◆ Entries provided:
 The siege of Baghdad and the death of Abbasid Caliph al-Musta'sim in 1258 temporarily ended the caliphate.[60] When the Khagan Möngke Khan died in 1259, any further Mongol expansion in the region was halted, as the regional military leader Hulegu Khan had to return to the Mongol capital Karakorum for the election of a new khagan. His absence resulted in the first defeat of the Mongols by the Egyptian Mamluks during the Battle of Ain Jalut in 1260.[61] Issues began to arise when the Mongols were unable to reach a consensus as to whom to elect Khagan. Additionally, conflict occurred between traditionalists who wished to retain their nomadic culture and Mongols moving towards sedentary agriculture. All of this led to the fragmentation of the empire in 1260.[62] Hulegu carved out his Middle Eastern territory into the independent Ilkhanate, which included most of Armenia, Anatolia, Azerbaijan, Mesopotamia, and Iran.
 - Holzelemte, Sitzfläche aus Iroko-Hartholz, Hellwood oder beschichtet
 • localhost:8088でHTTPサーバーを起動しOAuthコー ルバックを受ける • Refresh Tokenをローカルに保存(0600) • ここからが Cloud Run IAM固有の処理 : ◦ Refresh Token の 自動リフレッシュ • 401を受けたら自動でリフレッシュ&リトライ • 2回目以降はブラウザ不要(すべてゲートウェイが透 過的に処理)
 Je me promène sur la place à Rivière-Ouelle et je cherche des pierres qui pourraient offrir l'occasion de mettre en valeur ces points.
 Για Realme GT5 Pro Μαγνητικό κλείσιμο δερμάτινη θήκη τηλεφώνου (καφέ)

--

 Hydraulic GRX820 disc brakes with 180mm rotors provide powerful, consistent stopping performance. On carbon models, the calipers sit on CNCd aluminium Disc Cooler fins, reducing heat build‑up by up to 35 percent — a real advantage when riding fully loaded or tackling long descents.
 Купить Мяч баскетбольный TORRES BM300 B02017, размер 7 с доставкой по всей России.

◆ Task objective:
Looking at the records above, return exactly the lines from the line with "- Holzelemte, Sitzfläche" to the line with "401を受けたら自動でリフレッシュ&リトライ • 2回目以降はブラウザ不要(すべてゲートウェイが透 過的に処理)", both ends included.

◆ Answer for this exercise:
 - Holzelemte, Sitzfläche aus Iroko-Hartholz, Hellwood oder beschichtet
 • localhost:8088でHTTPサーバーを起動しOAuthコー ルバックを受ける • Refresh Tokenをローカルに保存(0600) • ここからが Cloud Run IAM固有の処理 : ◦ Refresh Token の 自動リフレッシュ • 401を受けたら自動でリフレッシュ&リトライ • 2回目以降はブラウザ不要(すべてゲートウェイが透 過的に処理)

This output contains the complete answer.